Status: Updates weekly

Ulysses, OH

Bloodbuzz Ohio / The National

The bus took sharp turn and I woke up with the vague dread of having missed my stop. Through the grime of the window I could see the Scioto river snaking along lazily in the warm light, framed by trees with heavy branches. The sun was sharp in my eyes and in my early afternoon daze I had no idea where I was. I forced my eyes open all the way, rubbing the dried sleep off the side of my face, and checked my watch, the one my mother had given me for my high school graduation, the glass surface still shiny and scratch-free, the strap vegan leather. There was still almost twenty minutes to go, and I tried to will my body into wakefulness as I clung to the passing landscape, inching along slowly as if suspended in that half-asleep state as well. I was trying to find something familiar to hang on to, but it had been so long since I’d been here, only once since the fire, the formative trauma of my childhood, for my grandmother's funeral when I was thirteen. That was also the last time I’d seen my father, who refused to come back to New York after the funeral but still insisted on sending overly cheery e-mails ever since, loaded with photos of the laundromat he'd turned his mother's house into, and photos of Las Vegas, the Grand Canyon, Rushmore, and a few of the other stereotypically touristy attractions he'd found the time to visit. The fact that I didn't reply to them never seemed to curb his enthusiasm, as if he knew I would cave in and come crawling after him. And now the prospect that I would see him in a mere half hour after five years of silence and then a month of awkwardly making arrangements filled me with an unexplainable and almost physically unbearable anxiety. I had no idea what I would find there - his impulsive euphoria that invaded your personal space in an almost welcome way or his distracted silence, aloof and detached and abstract in a way that was still miraculously practical, or his rare stable presence that I spent most of my childhood either longing for or clinging to.
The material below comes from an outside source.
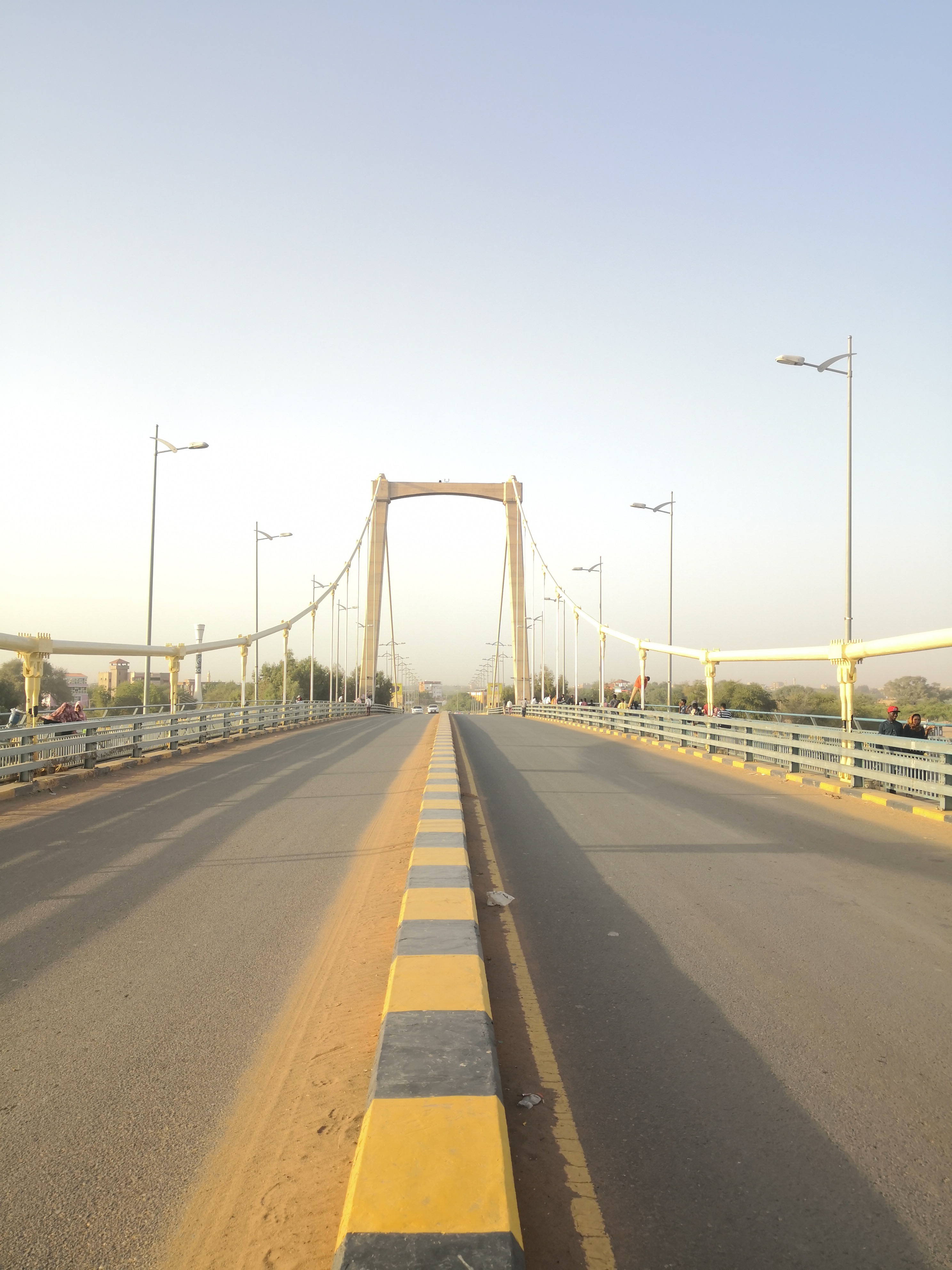 صورة توضح وسيط نقل كوبري توتي WLASudan2020 This is an image with the theme "Africa on the Move or Transport" from: Sudan

My body recognized the outskirts of the town before my mind did, and I could finally feel a certain alertness, neurons reestablishing long-lost connections, as I saw the first boxy houses scattered along the riverbank, the metal skeleton of the car factory, the water tanks protruding into the horizon, the unassuming beige apartment looming in the strange place between background and foreground. The town of Ulysses, Ohio, population 19,346, was sprawling lazily, in a not quite efficient way, and the empty spaces between buildings, taken back by the tall, unhealthy-looking grass, were much larger than I’d remembered. The sudden familiarity of it all was unsettling mostly because I couldn't quite place it. Not like memories were flooding back - it was more a flux of sensations, the feel of that grass on my bare knees scraped raw, the smell of the city bus and the feel of its leather seat somehow imprinted in the memory of my pores, the sweet taste of a McDonald’s bun, and finally, as the bus took the curve and crossed the yellow bridge, the smell of burnt wood, fresh soot and ash, coating my nostrils on the inside again. By the time the bus pulled up in front of the station, a short, flat building with a its parking lot yellowed from the dust, I was positively dizzy. I swung my guitar on my shoulder first and then my backpack on the other, and followed the driver down so he could hand me my suitcase from the trunk.
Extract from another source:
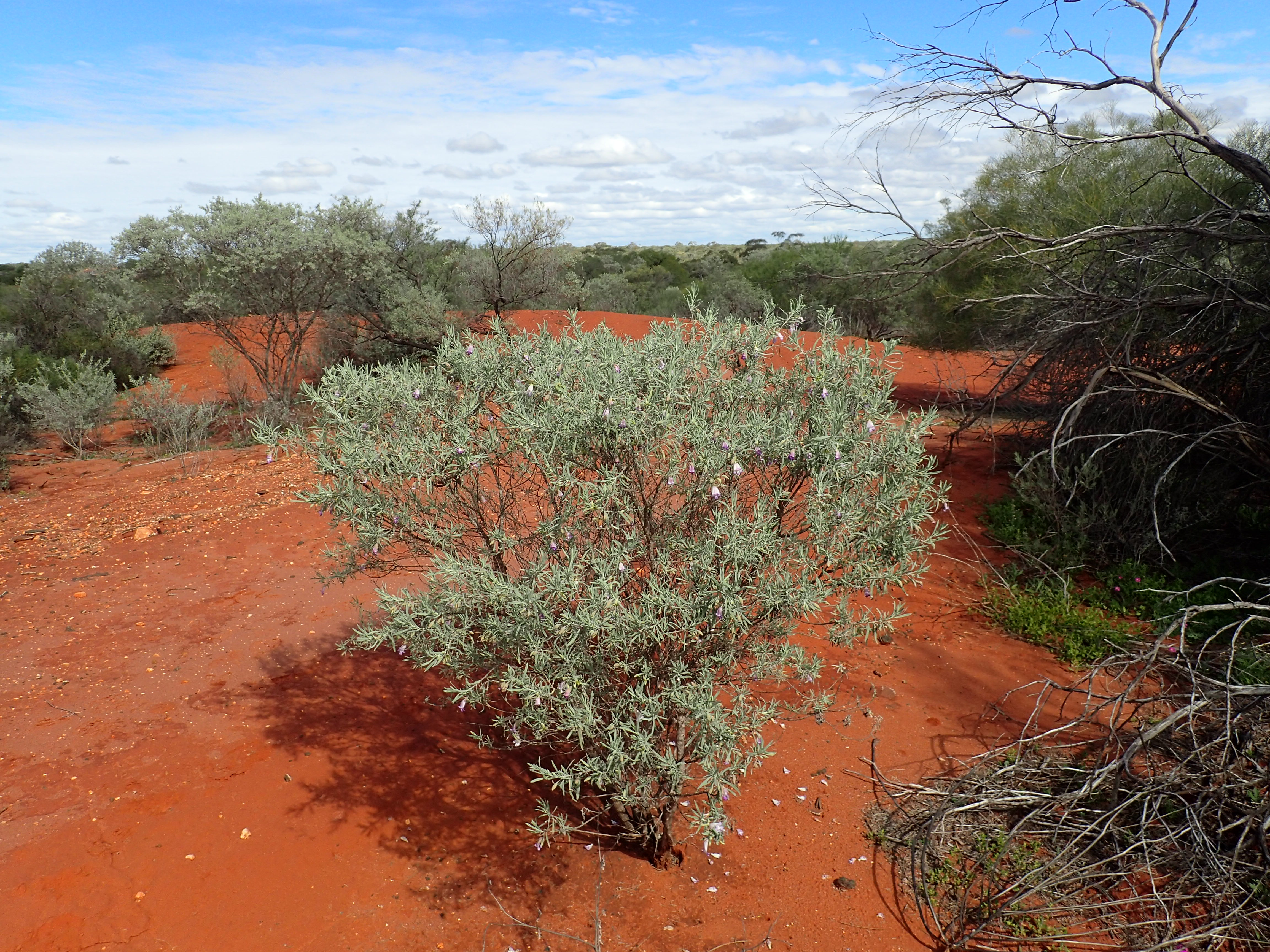 Eremophila maitlandii growing 9.5 km north of the Billabong Roadhouse

My knees were shaky, but I was glad I could finally stand again, stretch a little, breathe in a lungful of air that didn't smell like rubber and gasoline. The station was nearly empty. My father wasn't there to pick me up, but then again, he never said he would and I never asked. The address he gave me as a reminder was a twelve-minute walk from the bus station, according to Google Maps. I adjusted my backpack on my shoulder, yanked the stuck handle of my suitcase and started along the avenue that was still nothing more than just a fairly wide street. As soon as I passed the cinema, black letters arranged carelessly on the marquee with blank spaces in the middle of the words, I started to remember the way. I soon passed the needlessly fancy charcuterie and then a sporting goods store that seemed to have recently gone out of business, I took a turn and then quickly another one, and there it was, the street where my grandmother's house stood, where I had spent my awkward but euphoric childhood summers, playing on abandoned lots with the older kids of the alcoholic neighbor, watching matinees while sipping warm, sticky Pepsi in the cold darkness of the cinema, tentatively plucking away on my very first guitar, bought second hand, with the strings put on the wrong way, the previous owner clearly left-handed. The years had stacked onto one another, hot dust and sharp rain, until I woke up one night not knowing where I was, choking on smoke so thick I couldn't see a thing, until my father lifted me onto his back and practically threw me out the front door, with my mother safely across the street trying hysterically to console my grandmother whom she hated. I was ten and that had been my last summer in Ohio for eight years.